The Marble Court


Aftermath:
Work by Leigh Burton and Wendy Hirschberg
July 8 - September 12, 2004

Leigh Burton
Diminutive tableaux bathed in a harsh light. Furniture carefully arranged, as if for a ritual: tea or torture? These odd groupings of anthropomorphic furniture, cowering under scrutiny, seem pinned by the light like a butterfly to a board. One wonders, will the descending chandelier crush the chairs or the divan, or embrace and envelop them? If the main presence in the paintings is not a lumbering light fixture, then it is a large blank mirror, absorptive, reflecting nothing. Burton's paintings of "ballrooms," "dressing rooms," and "hallways" are delicate, almost ladylike, redolent of her southern girlhood, yet lit with unease. Her flat sense of space and tiny settings present appealing, powdery surfaces that serve almost as a skin upon her theatrical compositions. They are evocative of Florine Stettheimer's paintings minus the celebratory tone.

Wendy Hirschberg
Hirschberg's list of materials reads like the insides of a makeshift toolbox: washers, rivets, fish line, cardboard, rubber, metal, Plexiglas rods, wood, and wire. Seemingly offhand, casual, the sculptures are consciously, painstakingly constructed. They cascade and tumble, thrust from the wall like sprung jack-in-the-boxes. More architectural than Burton's paintings, they look like maquettes for the debris of human interactions: Lilliputian meeting rooms, waiting rooms, a doctor's office, or a conference room. The furniture in Hirschberg's "sites" is small enough to fit inside a dollhouse, but these "sites" are exposed, unsafe, having only the flimsiest of partial structures or platforms on which to sit. As Hirschberg's titles for other works, called "Incidents," reveal, all is not well in the trajectory of her urban fragments.

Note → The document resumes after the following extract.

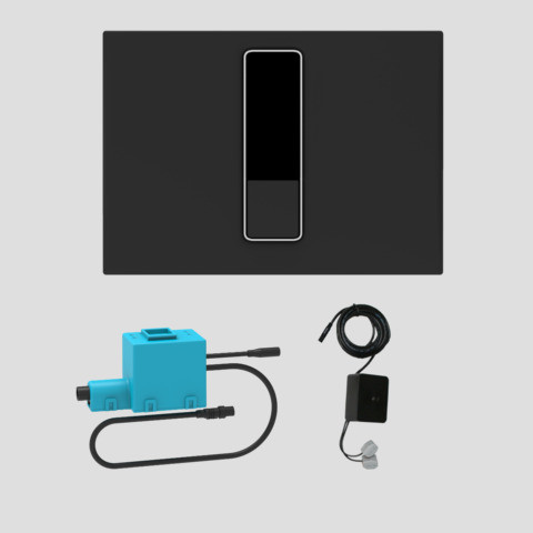 für UP-Spülkasten mit kleiner Revisionsöffnung, Betätigung von vorn, 2-Mengenspülung, hygienische, berührungslose über Infrarotsensor gesteuerte WC-Spüleinrichtung, für WC-Vorwandelemente INEO, Nutzererkennung über Lichtbalken im Sensorfeld, automatisches Auslösen einer Spülung durch Nutzererfassung oder berührungslos mit der Hand, zusätzliche Möglichkeit zur manuellen Spülauslösung uber Betatigungsplatte, bestehend aus Betätigungselement + IR Baustein, inkl. verchromtem Dekorrahmen, Abdeckplatte und Befestigungsbolzen, mit geräuscharmem Niederspannungsmotor als Hebevorrichtung und Steuerelektronik, Spannungseingang: mit Kabel und Stecker für verwechslungssichere Montage, Ausgang: Kabel und codierter Stecker für verwechslungssichere Montage zur Spannungsversorgung, inkl. Kompakt-Netzgerät 230V AC/6V DC , Parameter: 202 x 145 x 10 mm, lange Reichweite ca. 1500 mm, kurze Reichweite ca. 60 mm, Spannungsversorgung 100-240V/AC Netz, definierte Spülmengen einstellbar uber Ablaufarmatur INEO, Spülauslösung: automatisch, berührungslos, manuell, Intervallspülung frei wählbar, werkseitig 24 h, Lichtfarbe fur Nutzererkennung wählbar rot/grün/blau, Parameter Einstellmöglichkeiten über Wartungs- und Service-Fernbedienung DO-5.1 S, Grundparameter direkt an der Betätigungsplatte durch IR-Funktionalitat

Both Burton's and Hirschberg's works are funny looking, even a bit goofy, yet rimmed with pathos. Simultaneously, they are charged with the presence of absence: abject interiors - slight and vulnerable, existing in attenuated, dreamy space. Everything they create seems as if it could fall apart or be crushed underfoot in an instant. Hirschberg and Burton both use muted color, subtle shifts; these are noiseless chambers, muffled works - empty of those who occupied the chairs, climbed the stairs, or turned on the lights. These are the remains, the aftermath.